When you reach the line with "Our Strapless Striped" in the data below, begin printing lines exactly, and stop once the line with "TOM TAILOR jeansowa" has been printed.

§ **Records for this task**
□ □ □ □ □

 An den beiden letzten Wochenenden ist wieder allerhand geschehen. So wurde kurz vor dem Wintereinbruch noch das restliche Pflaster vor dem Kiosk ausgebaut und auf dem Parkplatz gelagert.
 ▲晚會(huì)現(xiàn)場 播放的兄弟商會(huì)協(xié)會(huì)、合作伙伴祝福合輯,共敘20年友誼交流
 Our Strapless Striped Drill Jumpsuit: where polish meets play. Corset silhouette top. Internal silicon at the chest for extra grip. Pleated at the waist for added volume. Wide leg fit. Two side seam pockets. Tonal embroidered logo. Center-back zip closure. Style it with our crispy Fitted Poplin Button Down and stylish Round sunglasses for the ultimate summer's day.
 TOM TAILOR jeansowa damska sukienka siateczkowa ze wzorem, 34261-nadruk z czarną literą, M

□ □ □ □ □

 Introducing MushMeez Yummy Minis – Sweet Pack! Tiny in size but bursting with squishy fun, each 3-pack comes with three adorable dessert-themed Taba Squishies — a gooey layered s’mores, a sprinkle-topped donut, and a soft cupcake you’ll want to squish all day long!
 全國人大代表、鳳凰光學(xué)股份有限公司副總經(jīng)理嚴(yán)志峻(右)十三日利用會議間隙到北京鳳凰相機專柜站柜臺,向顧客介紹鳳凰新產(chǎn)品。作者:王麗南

□ □ □ □ □

§ **Exercise answer**
 Our Strapless Striped Drill Jumpsuit: where polish meets play. Corset silhouette top. Internal silicon at the chest for extra grip. Pleated at the waist for added volume. Wide leg fit. Two side seam pockets. Tonal embroidered logo. Center-back zip closure. Style it with our crispy Fitted Poplin Button Down and stylish Round sunglasses for the ultimate summer's day.
 TOM TAILOR jeansowa damska sukienka siateczkowa ze wzorem, 34261-nadruk z czarną literą, M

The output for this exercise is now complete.